Closed jsherrah closed 11 years ago
Cross-validation takes over my machine and gives it a nipple cripple. Better is to run in a VM, then if I want to reboot I don't lose the current progress.
I've added the directory 'vagrant'. If you cd there, you should be able to do "vagrant up" and it will set up a machine fer ye. If you "vagrant ssh" then "cd /vagrant" you will see the repo there.
Need to work out the training-validation-test split now. Then, need to be able to incorp the filenames into createFeatures.py.
now running oversegmentation search in the VM.

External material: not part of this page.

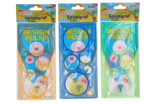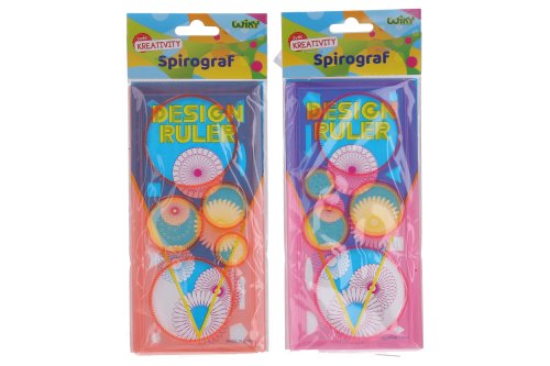 Sada kresliacich šablón - spirograf. Sada ozubených a neozubených koliesok, ktoré podporujú kreativitu. 5 farebných variantov: červená, oranžová, ružová, zelená, modrá.
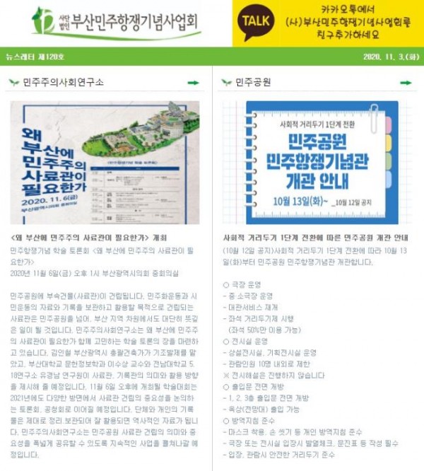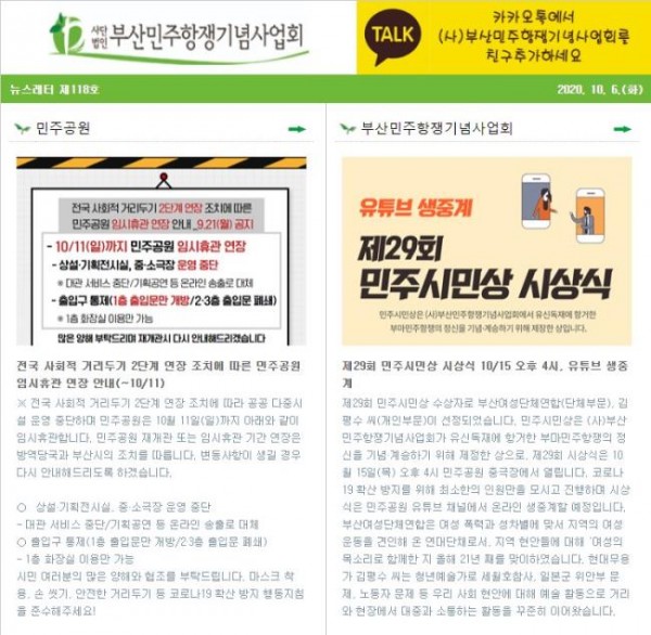 (2020.10.06)부산민주항쟁기념사업회 뉴스레터 제118호 - 민주공원 임시휴관..

Data set, | Training error, | Validation error |
---|---|---|
msrcTraining_slic-1000-010.00_ftrs.pkl | 0.778127566384 | 0.648663419271 |
msrcTraining_slic-1000-015.00_ftrs.pkl | 0.780170581154 | 0.649129264533 |
msrcTraining_slic-1000-030.00_ftrs.pkl | 0.784338941161 | 0.651351412074 |
msrcTraining_slic-400-010.00_ftrs.pkl | 0.764672590413 | 0.661881977671 |
msrcTraining_slic-400-015.00_ftrs.pkl | 0.769890358962 | 0.660832313341 |
msrcTraining_slic-400-030.00_ftrs.pkl | 0.776099102583 | 0.656877897991 |
Best results are for 400 super pixels, comapctness of 10. Since they are at the end of the range it is possible the best params are lower than this...but since Shotton et al used the same params, use these.
After a day of classifier grid search, I got an 'out of memory' crash! Bugger. I've added a number of jobs parameter, setting to 2 will halve the memory usage. Also fewer param values so smaller grid search.
Starting to return to the project. This was the next thing to do. Keeps running out of memory.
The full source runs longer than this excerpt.